BPJS Tak Tepat Sasaran, Menkes Curiga

- Selasa, 22 November 2022 | 20:00 WIB
Menkes Budi Gunadi Sadikin (Foto: Humas Setkab/Rahmat)
Menkes Budi Gunadi Sadikin (Foto: Humas Setkab/Rahmat)

MojokertoNetwork.Com - Budi Gunadi selaku Menteri Kesehatan menyampaikan akan melakukan pengecekan 1.000 peserta BPJS yang membayar iuran tertinggi kelas satu. Hal ini Ia lakukan karena curiga banyak konglomerat yang menggunakan BPJS kesehatan untuk berobat.

Budi juga menyebut, seharusnya fasilitas BPJS Kesehatan hanya diperuntukkan masyarakat kurang mampu. Bila masih banyak orang kaya yang menggunakan BPJS Kesehatan, jadinya kurang tepat sasaran.

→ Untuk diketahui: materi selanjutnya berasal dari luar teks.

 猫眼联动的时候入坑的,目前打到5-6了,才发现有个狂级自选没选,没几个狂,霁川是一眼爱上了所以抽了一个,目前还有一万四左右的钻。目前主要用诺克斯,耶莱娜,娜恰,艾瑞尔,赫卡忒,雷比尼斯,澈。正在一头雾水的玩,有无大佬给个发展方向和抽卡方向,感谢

"Saya sendiri mau ngomong sama pak Ghufron untuk cek 1.000 orang yang expense-nya di BPJS. Saya mau tarik datanya itu cek PLNnya bayarnya berapa kvA-nya, kalau kvA di atas 6.500 yang pasti orang yang salah. Saya sering sekali banyak orang orang dibayarin besar banyaknya mohon maaf konglomerat juga," tuturnya dalam rapat dengan Komisi IX DPR RI, Selasa (22/11/2022).

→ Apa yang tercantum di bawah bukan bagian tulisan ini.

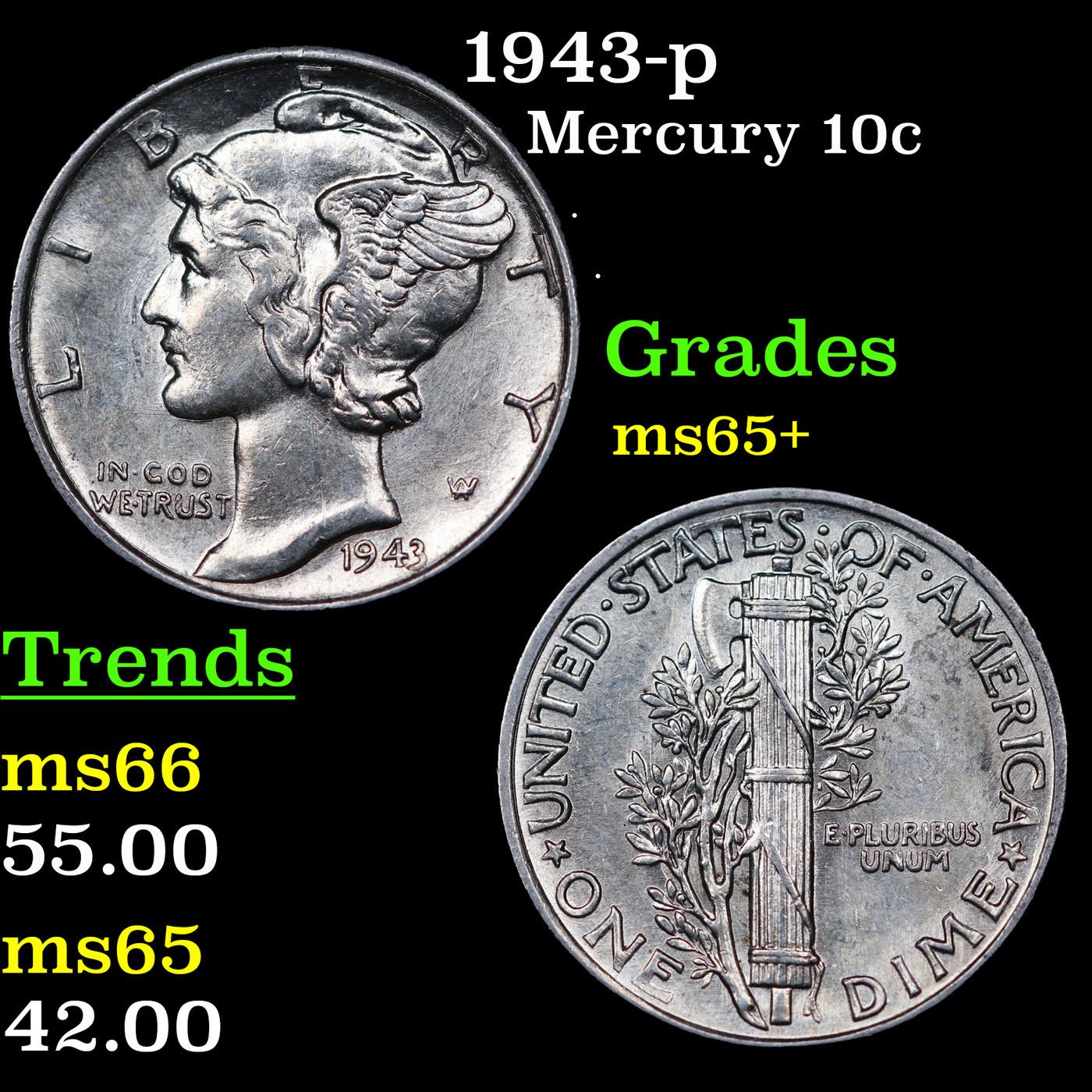 1943-p Mercury Dime 10c Grades GEM+ Unc.

Baca Juga: Ridwan Kamil Kerahkan Evakuasi Besar-Besaran di Tragedi Gempa Cianjur M 5,6

Budi juga mengatakan akan melakukan cek data kepada 1.000 orang peserta BPJS Kesehatan kelas atas melalui NIK, pembayaran listrik, atau limit kartu kredit. Apabila terbukti ada catatan limit kartu kredit Rp 100 juta, maka menurut Budi itu bukan orang yang tepat untuk dibiayai dari BPJS Kesehatan.

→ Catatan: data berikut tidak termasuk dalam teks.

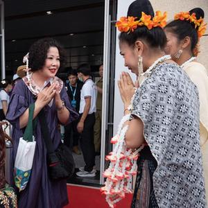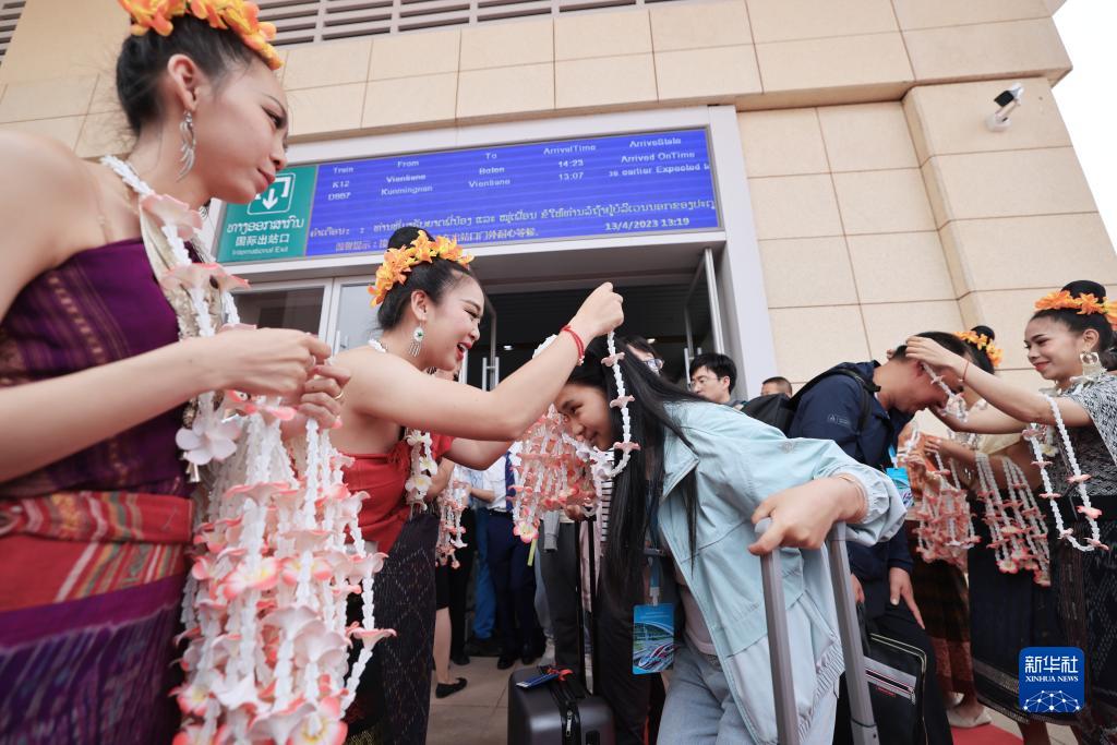 4月13日,在中老铁路老挝磨丁站,工作人员欢迎乘坐D887次国际旅客列车的旅客抵达磨丁。

"Kalau agak sempat saya ingin minta dewan pengawas BPJS periksa siapa saja top 1.000. Kita lihat siapa yang spending-nya paling banyak, lewat NIK gampang dan listrik atau limit kartu kredit, itu bisa dilihat. Kalau dia nggak punya kartu kredit aman, kalau limit kartu kreditnya Rp 100 juta, orang itu berarti bukan orang yang tepat kita bayarin," jelasnya.

"Kerja sama dengan asuransi swasta mengkombinasikan pembayaran BPJS Kesehatan. Jadi tidak semua ditanggung BPJS khususnya untuk masyarakat berpenghasilan tinggi atau masyarakat mampu, sehingga BPJS bisa kita prioritaskan ke masyarakat tidak mampu," kata Budi.

Baca Juga: Tambahan Waktu di Piala Dunia 2022 Lebih Lama, Pierluigi Collina Beberkan Alasannya

Idealnya program BPJS Kesehatan tidak terdapat kelas-kelas seperti sekarang. Lebih baik hanya satu kelas atau standar. 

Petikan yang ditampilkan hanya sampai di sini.